Diagnosis On CAN-Bus

The CAN (Controller Area Network) bus system is a linear bus system that is characterized by the following features:
- signals are broadcast in both directions
- a message is received by all bus nodes. Each node decides for itself whether to process the message or not.
- new nodes can be added by simple parallel connection
- the bus system forms a multi-master structure
- each node can be master or slave depending on whether it is connected as transmitter or receiver
- the transmission medium is a two-core lead; the cores are designated CAN Low and CAN High.
- Switching off defective control modules

In general, every node can communicate with all other nodes via the bus. An access mechanism controls data exchange on the bus. The main differences between the K-CAN (body CAN) bus and the PT-CAN (power train CAN) bus are detailed below:
- K-CAN: Data transfer rate around 100 kBits/s. Single-wire operation possible.
- PT-CAN: Data transfer rate around 500 kBits/s. No single-wire operation possible.

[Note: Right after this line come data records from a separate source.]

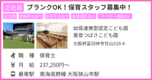 | 勤務地 | 幼保連携型認定こども園 葵音つばさこども園 大阪府富田林市廿山510-4 |
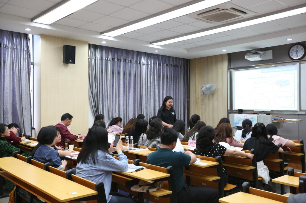 接着,李霄翔教授主持本科综合组和视听说组一等奖选手现场PK。本科综合组与本科视听说组第八届与第九届(2017年与2018年)一等奖获得者与本届(2019年)一等奖选手现场角逐特等奖。经过现场PK,我校刘玲老师、江苏科技大学张学谦老师获本科视听说组特等奖、河海大学何佳老师获本科综合组特等奖。她们三人将代表江苏赛区参加下半年在上海举行的本科综合组和视听说组两个组别的全国总决赛。
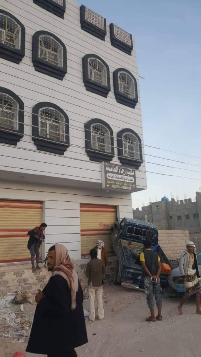 وقال شهود عيان، إن الطقم العسكري اصطدم بمكتب "أرجاء العاصمة للعقارات" في شارع الثلاثين.
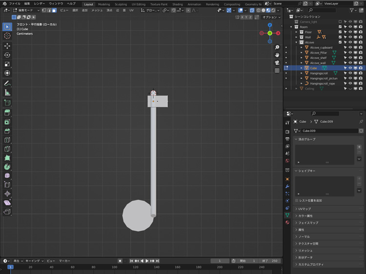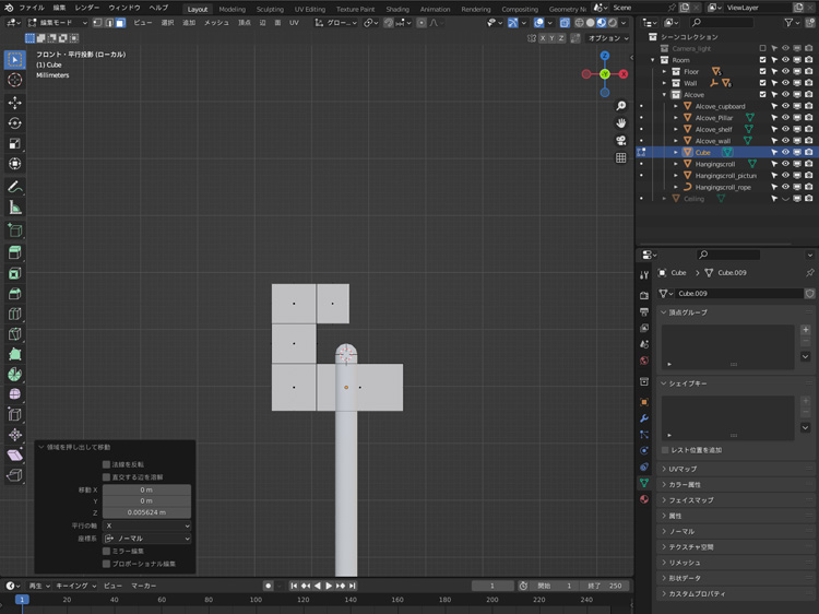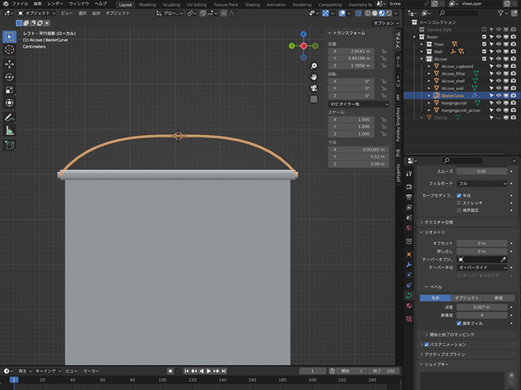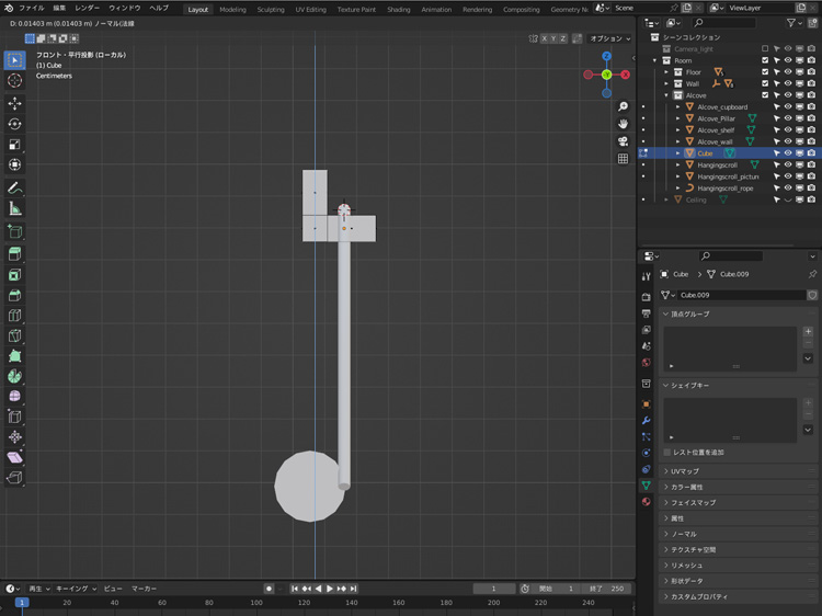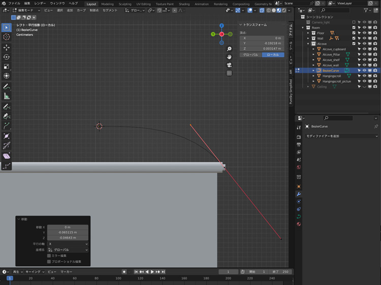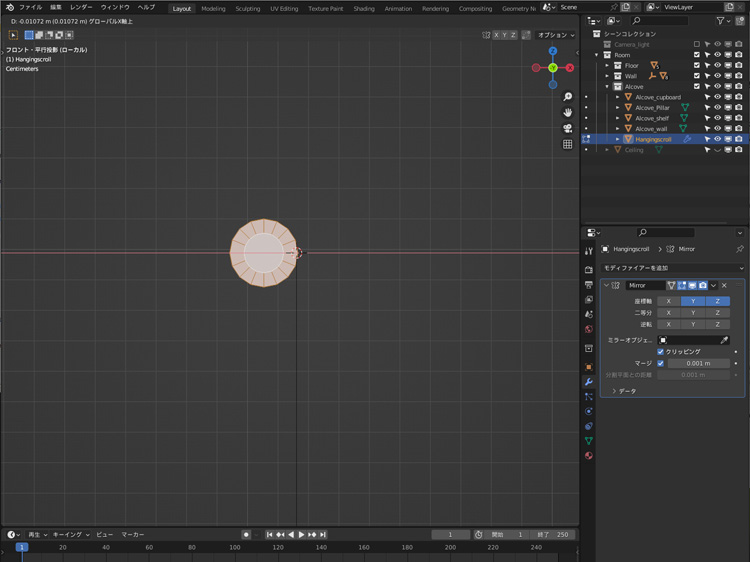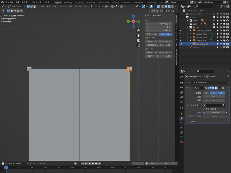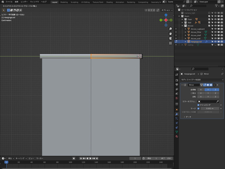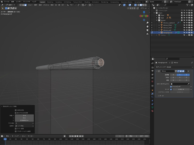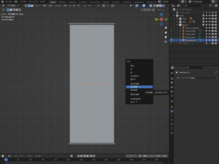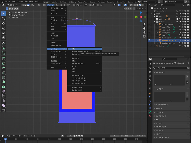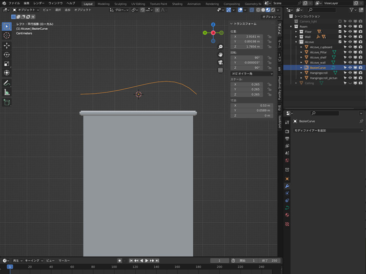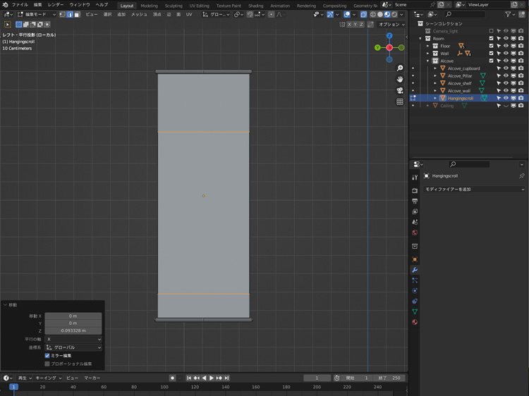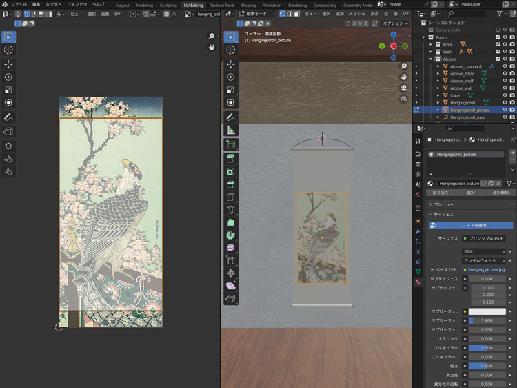 「Blender3.3で床の間を制作」に続き、床の間に飾る掛け軸を制作しました。

Master: the master is the active communicating node, i.e. the one that initiates communication. The master is in control of the bus and controls communication. It can send messages to the passive communicating nodes (slaves) on the bus network and on request receive messages from them.

Slave: the slave is the passive communicating node. It is instructed to receive and send data.

Multimaster system: a multimaster system is one in which all communication nodes can take on the role of master or slave at a particular time.

Causes
The failure of communication on the CAN-bus may be caused by the following:
- Circuit breaks or short circuits on the CAN Low or CAN High communication leads
- Defective plug connections (contact damage, soiling, corrosion)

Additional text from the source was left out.